**TASK PROMPT**
For the material below, reproduce exactly each line from the one that has "Ο γιος του Μάρτιν" through the one that has "MRC: $10 Fine", and no others; pictures stay out.

**DATA LISTING**
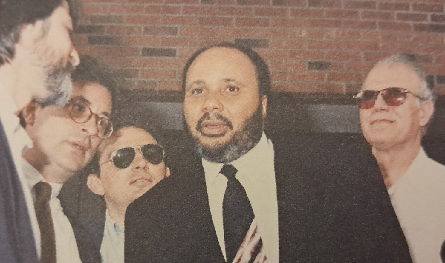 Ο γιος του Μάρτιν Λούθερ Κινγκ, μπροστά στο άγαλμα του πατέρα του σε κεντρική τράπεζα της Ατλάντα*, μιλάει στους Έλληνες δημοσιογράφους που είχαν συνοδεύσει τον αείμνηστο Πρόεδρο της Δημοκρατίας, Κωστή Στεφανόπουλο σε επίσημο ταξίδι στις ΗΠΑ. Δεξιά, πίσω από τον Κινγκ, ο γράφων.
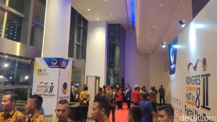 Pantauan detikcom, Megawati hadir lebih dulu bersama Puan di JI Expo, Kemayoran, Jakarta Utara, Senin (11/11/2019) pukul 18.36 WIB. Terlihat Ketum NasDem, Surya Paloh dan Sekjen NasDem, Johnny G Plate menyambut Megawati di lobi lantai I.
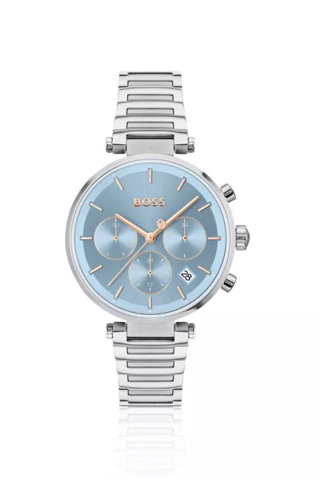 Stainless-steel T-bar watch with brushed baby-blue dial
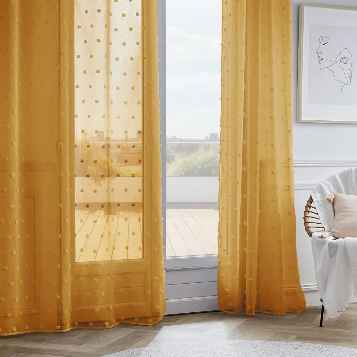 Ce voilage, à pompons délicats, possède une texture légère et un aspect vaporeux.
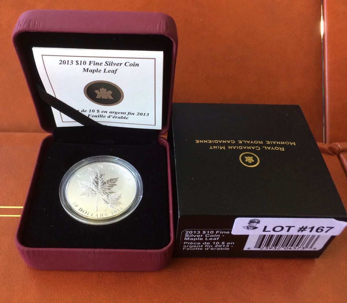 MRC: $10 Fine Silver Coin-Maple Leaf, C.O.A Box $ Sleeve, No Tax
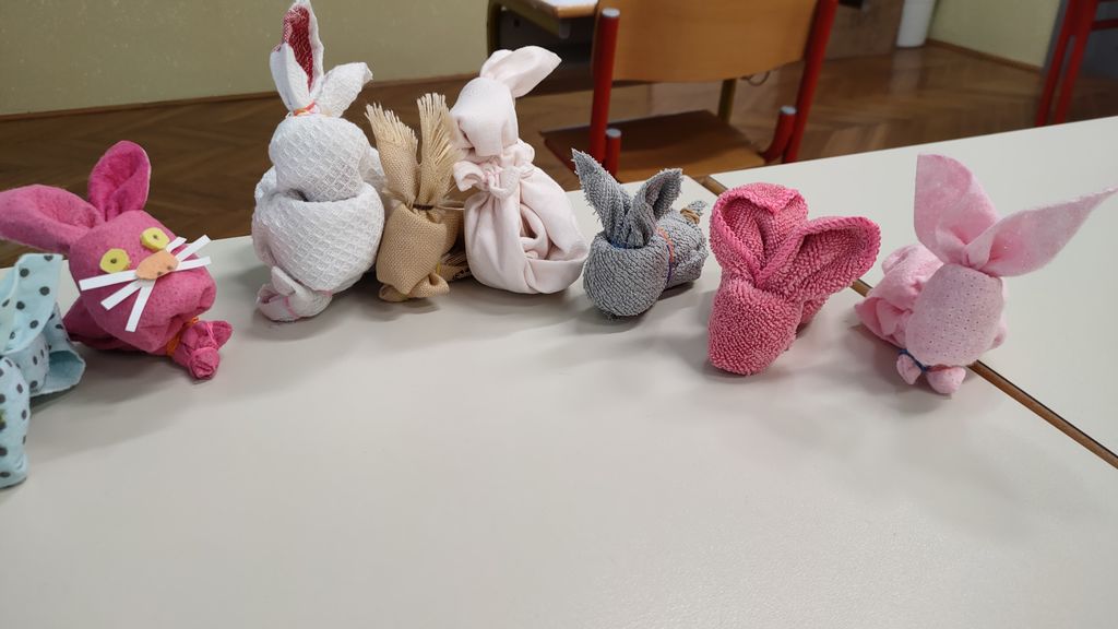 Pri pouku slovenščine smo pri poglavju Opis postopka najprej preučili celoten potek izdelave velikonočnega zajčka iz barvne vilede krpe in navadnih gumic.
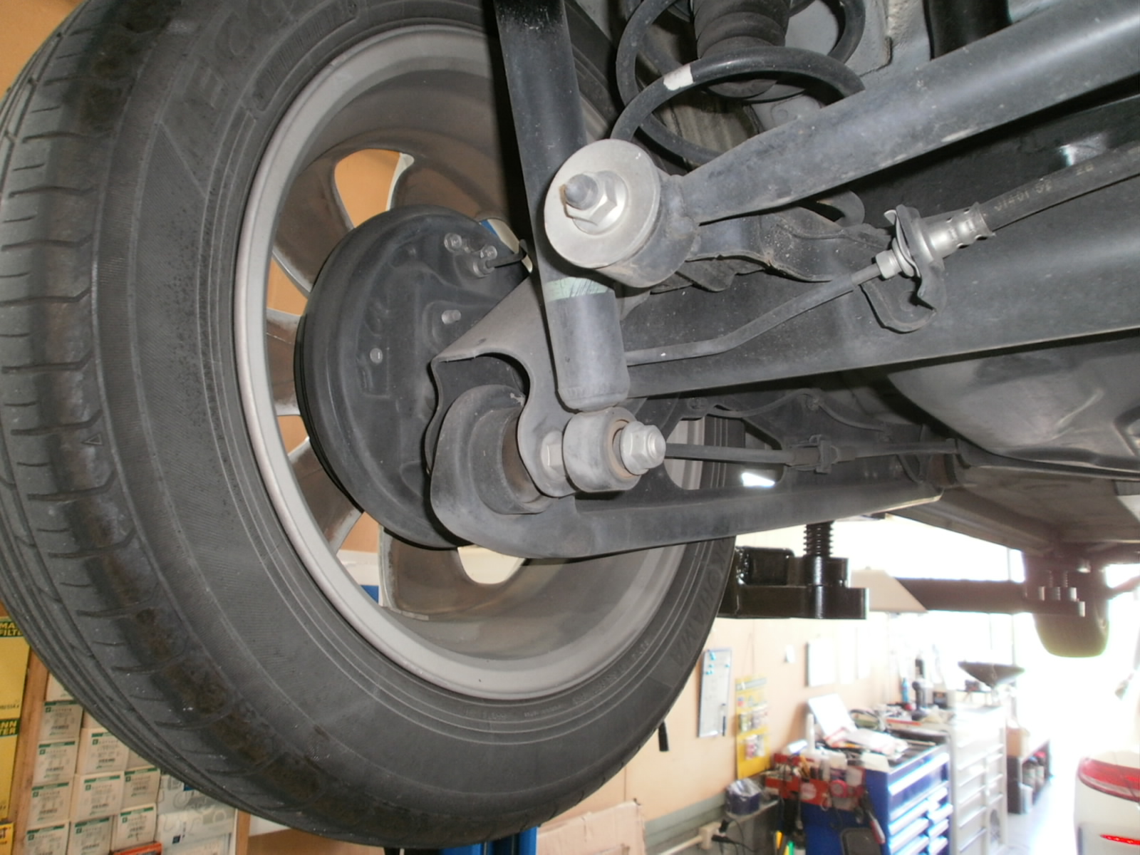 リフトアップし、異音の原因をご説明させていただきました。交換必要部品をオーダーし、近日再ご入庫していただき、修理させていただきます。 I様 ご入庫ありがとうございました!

--

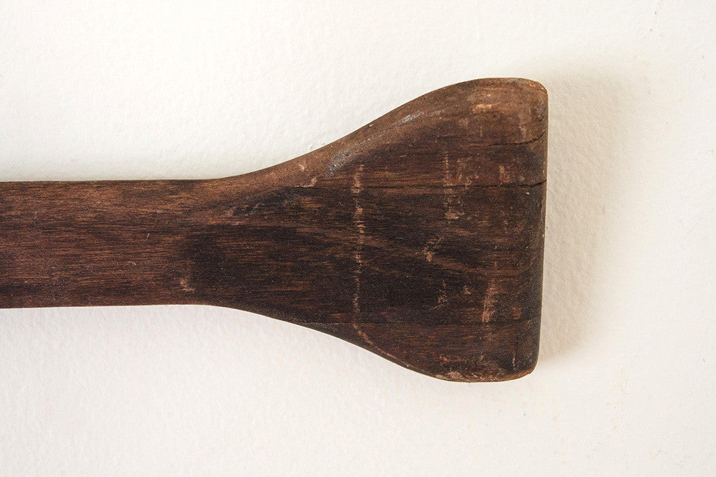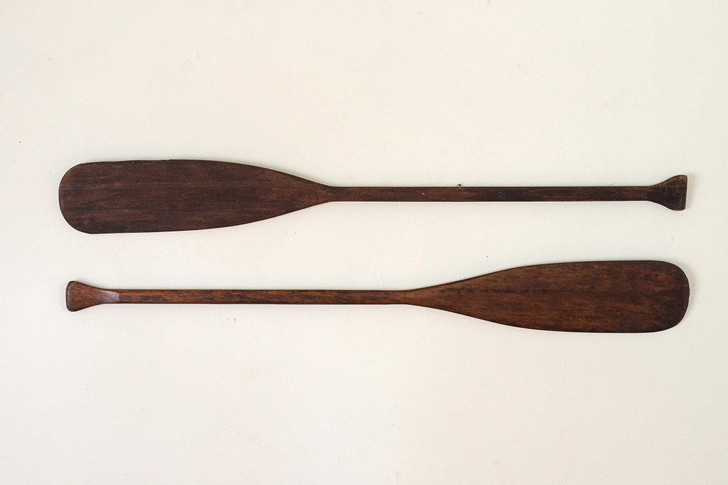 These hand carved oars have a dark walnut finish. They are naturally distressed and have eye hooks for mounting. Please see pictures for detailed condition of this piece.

**ANSWER SPACE**
 Ο γιος του Μάρτιν Λούθερ Κινγκ, μπροστά στο άγαλμα του πατέρα του σε κεντρική τράπεζα της Ατλάντα*, μιλάει στους Έλληνες δημοσιογράφους που είχαν συνοδεύσει τον αείμνηστο Πρόεδρο της Δημοκρατίας, Κωστή Στεφανόπουλο σε επίσημο ταξίδι στις ΗΠΑ. Δεξιά, πίσω από τον Κινγκ, ο γράφων.
 Pantauan detikcom, Megawati hadir lebih dulu bersama Puan di JI Expo, Kemayoran, Jakarta Utara, Senin (11/11/2019) pukul 18.36 WIB. Terlihat Ketum NasDem, Surya Paloh dan Sekjen NasDem, Johnny G Plate menyambut Megawati di lobi lantai I.
 Stainless-steel T-bar watch with brushed baby-blue dial
 Ce voilage, à pompons délicats, possède une texture légère et un aspect vaporeux.
 MRC: $10 Fine Silver Coin-Maple Leaf, C.O.A Box $ Sleeve, No Tax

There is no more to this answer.